CORTE D’APPELLO
«No al risarcimento a Binda». Ricorso dell’Avvocatura dello Stato
Non ancora depositato invece quello dei legali del 57enne che chiedono l’indennizzo pieno per ingiusta detenzione
Stefano Binda, il 57enne di Brebbia assolto in via definitiva dall’accusa di aver ucciso Lidia Macchi, ha annunciato dalle colonne della Prealpina la scelta di ricorrere in Cassazione contro l’ordinanza della Corte d’Appello di Milano che lo scorso 20 settembre gli ha sì riconosciuto il diritto all’indennizzo per ingiusta detenzione (nella misura di 212mila euro), anche se ridotto di un terzo rispetto a quanto richiesto. Ad oggi però il ricorso a firma dei suoi due legali storici, gli avvocati Patrizia Esposito e Sergio Martelli, non risulta essere ancora pervenuto negli uffici della cancelleria della quinta sezione della Corte d’Appello della metropoli lombarda.
Questa mattina, giovedì 3 ottobre, risultava invece depositato un altro ricorso. È quello dell’Avvocatura dello Stato. A firmarlo l’avvocato dello Stato Francesco Viglioli, che agisce in nome e per conto del ministero dell’Economia e delle Finanze.

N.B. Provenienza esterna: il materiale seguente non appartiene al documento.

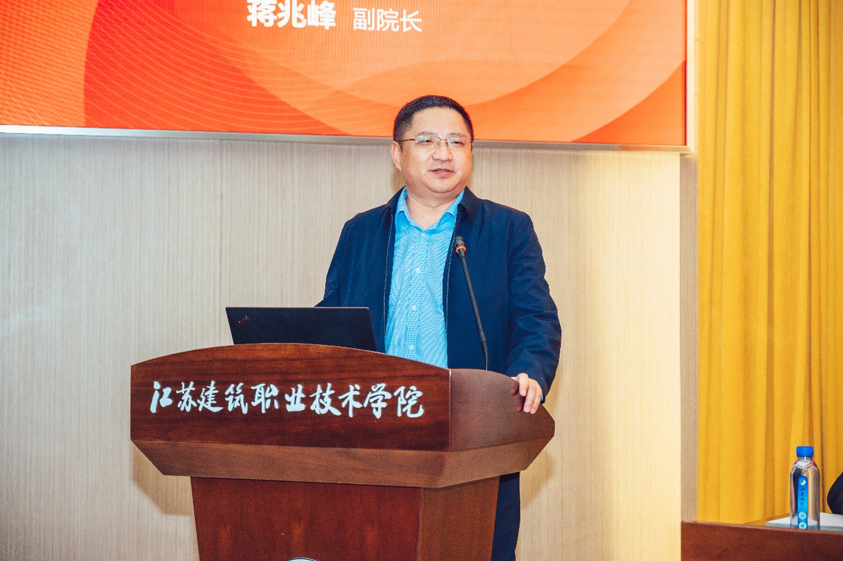 蒋兆峰代表学校致欢迎辞,简要介绍了学校的办学历史、专业特色以及智能机器人专业发展情况,并重点阐述了学校开展校企合作、产教融合、社会服务、智能产业园建设等工作的具体思路。

Il legale dell’Avvocatura dello Stato sostiene che il cinquantasettenne di Brebbia non abbia nessun diritto alla riparazione dell’ingiusta detenzione, nonostante abbia trascorso oltre tre anni, sei mesi e 10 giorni in carcere per un’accusa - omicidio di Lidia Macchi - dalla quale è stato appunto assolto in via definitiva dalla Cassazione con una sentenza del gennaio del 2021.